The proof of this is given in my textbook as follows:

1. De Broglie first used Einstein's famous equation relating matter and energy, $$E=mc^2,$$ where $E=$ energy, $m =$ mass, $c =$ speed of light.

2. Using Planck's theory which states every quantum of a wave has a discrete amount of energy given by Planck's equation, $$E=h\nu,$$ where $E =$ energy, $h =$ Plank's constant ($6.62607 \times 10^{-34}\:\mathrm{ J\:s}$), $\nu =$ frequency.

3. Since de Broglie believes particles and wave have the same traits, the two energies would be the same: $$mc^2=h\nu.$$

4. Because real particles do not travel at the speed of light, de Broglie substituted $v$, velocity, for $c$, the speed of light: $$mv^2=h\nu.$$

I want a direct proof without substituting $v$ for $c$. Is it possible to prove directly $\lambda=h/mv$ without substituting $v$ for $c$ in the equation $\lambda =h/mc$?

Answer 1

The $c$ in $mc^2$ is not the actual speed of the particle (unless we’re talking about light, but then m would be zero). $mc^2$ is simply the energy the particle has at rest. I don’t know exactly how De Broglie did it, but you can prove it like this:

First you can prove that the momentum operator should be $\frac{\hbar}{i}\frac{d}{dx}$ by finding the generator of the translation operator in the quantum mechanical way (which gives you something like $\frac{d}{dx}$ as the generator) and the classical way (which gives you the momentum as the generator), and simply state that both results should be equivalent. If this sounds unfamiliar, then I suggest you look into Noether’s theorem (it’s one of the coolest theorem’s in maths/physics, so I would suggest it anyway). But if you’re okay with just assuming that the momentum operator is equal to $\frac{\hbar}{i}\frac{d}{dx}$, then you can just start from there.

Using $p = \frac{\hbar}{i}\frac{d}{dx}$ and the assumption that particles have a wave-like nature, you can prove that $p = \frac{h}{λ}$. Since in general, we can write the wave function of a given state of a particle as: $Ψ(x,t) = Ψ_0 e^{i(kx-ωt)}$, which gives us: $pΨ = \frac{\hbar}{i}\frac{dΨ}{dx} = \hbar k Ψ$, so $p = \hbar k = h/λ$.

You can do the same thing to prove Planck’s theorem by first finding the generator of time translation and prove that the operator of energy should be $i \hbar \frac{d}{dt}$, and then letting this operator act on $Ψ$ again.

N.B.: In the most general case $Ψ(x,t)$ should be a superposition of wave functions with different $Ψ_0$, $k$ and/or $ω$, but then you can’t be sure what the momentum of your particle is anymore.

Answer 2

De Broglie proposed that the relation $p=h/\lambda$ would not only hold for photons but also for massive particles. This inspired Schrödinger to propose his famous equation.

Answer 3

The "proof" on the question is incorrect since it claims that the energy of the matter wave is $E=mv^2$, which is double of what it really is.

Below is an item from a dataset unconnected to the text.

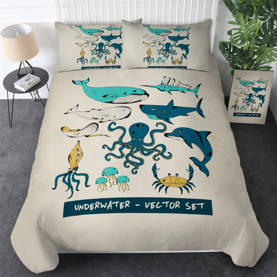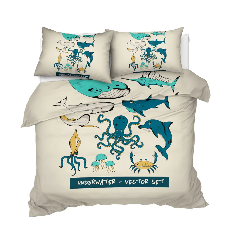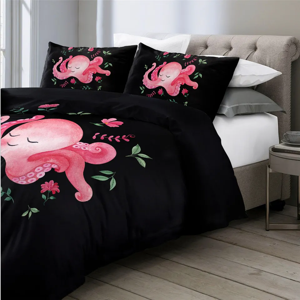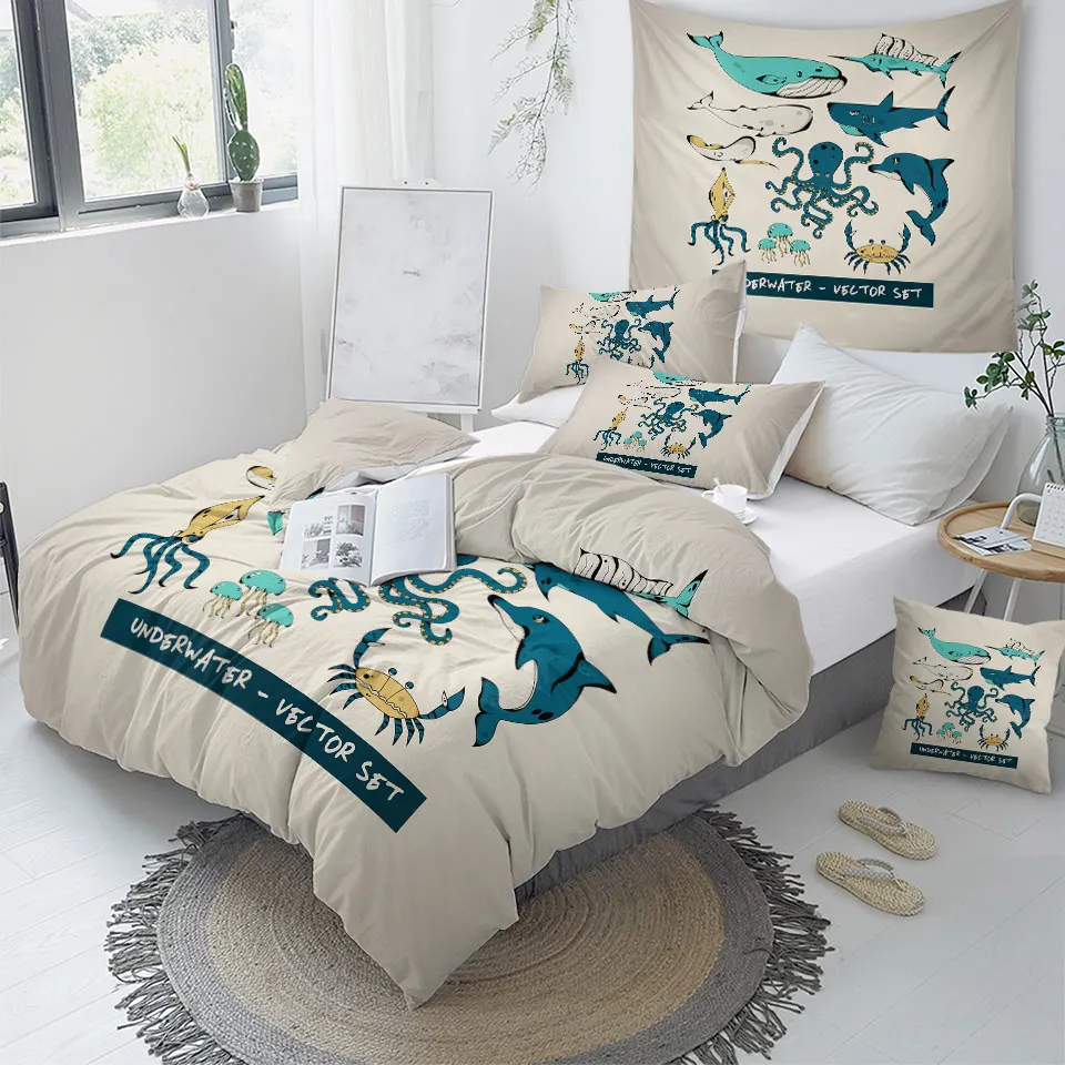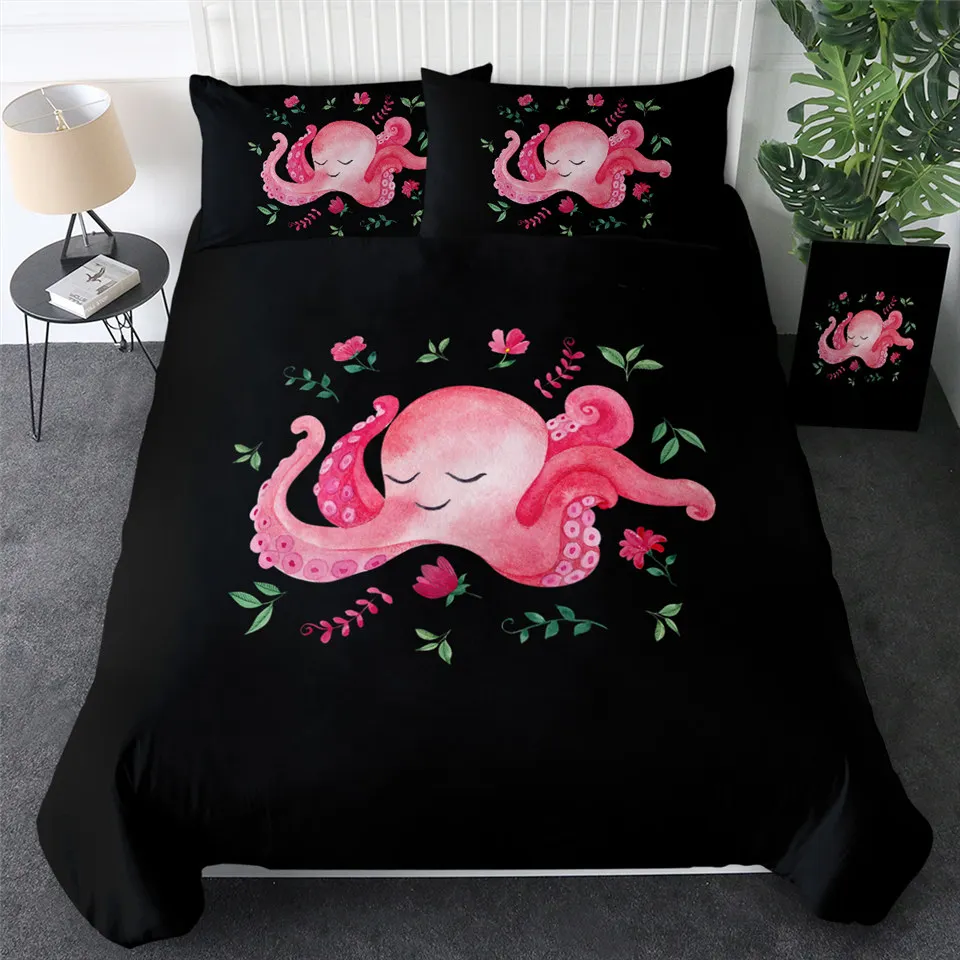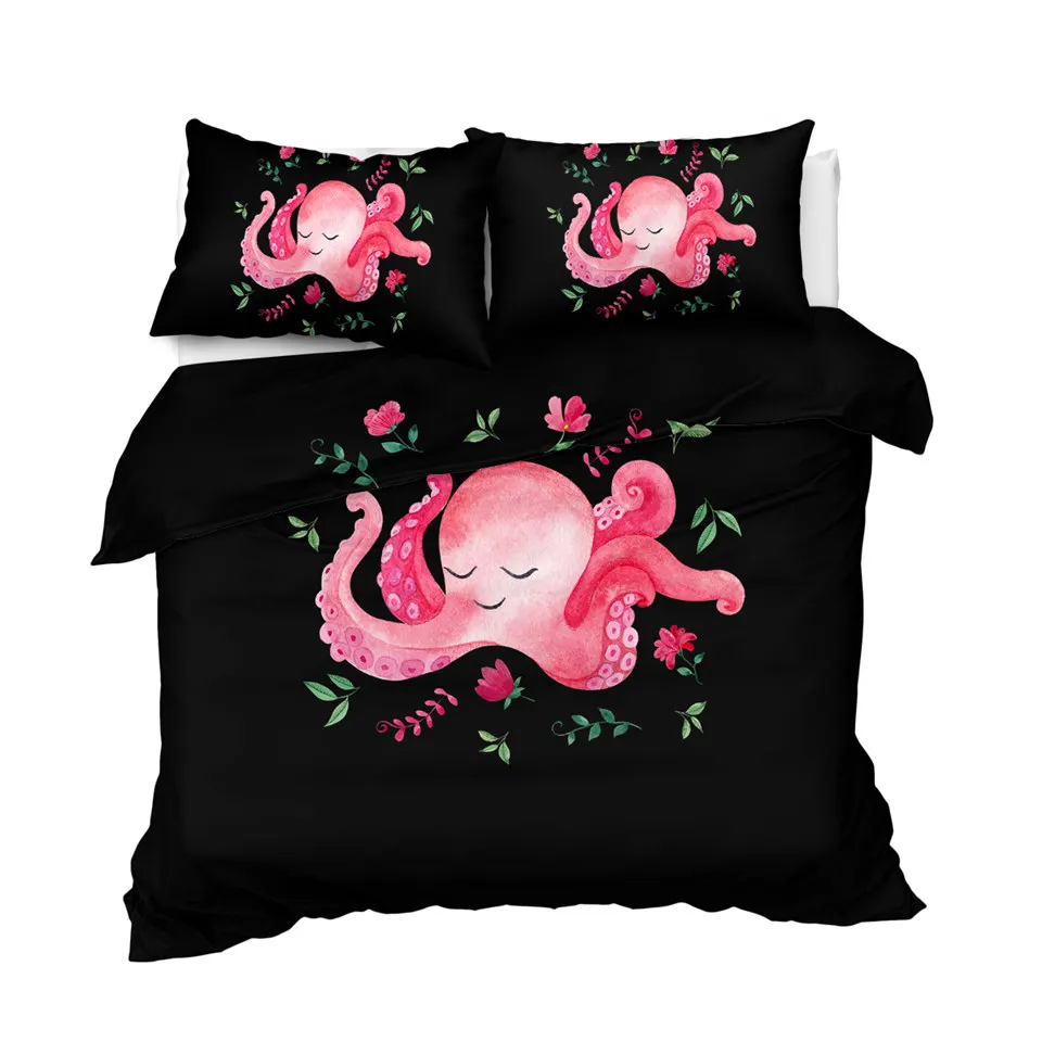 Item Name:Bedding SetPacking List:1* Duvet Cover + 2* Pillow CasesFabric:PolyesterSeason:Spring, Summer, Autumn, WinterFeatures:The ocean inspired curtain features a drawing of an octopus. It's especially suitable for those who love science fiction and fantasy creatures.BeddingOutlet Reminder:1) If you need extra sheet to match, please contact us.

Here, I am going to demonstrate the non-relativistic case. For relativistic case, one can not prove de Broglie's hypothesis, it should be a postulate, just like Planck's hypothesis. Actually in relativistic QM, the postulate is in terms of a four-vector: $p^\mu = \hbar k^\mu$, where $p^\mu=(E/c, \mathbf{p})$ is four-momentum and $k^\mu = (\omega/c, \mathbf{k})$ is the wave four-vector.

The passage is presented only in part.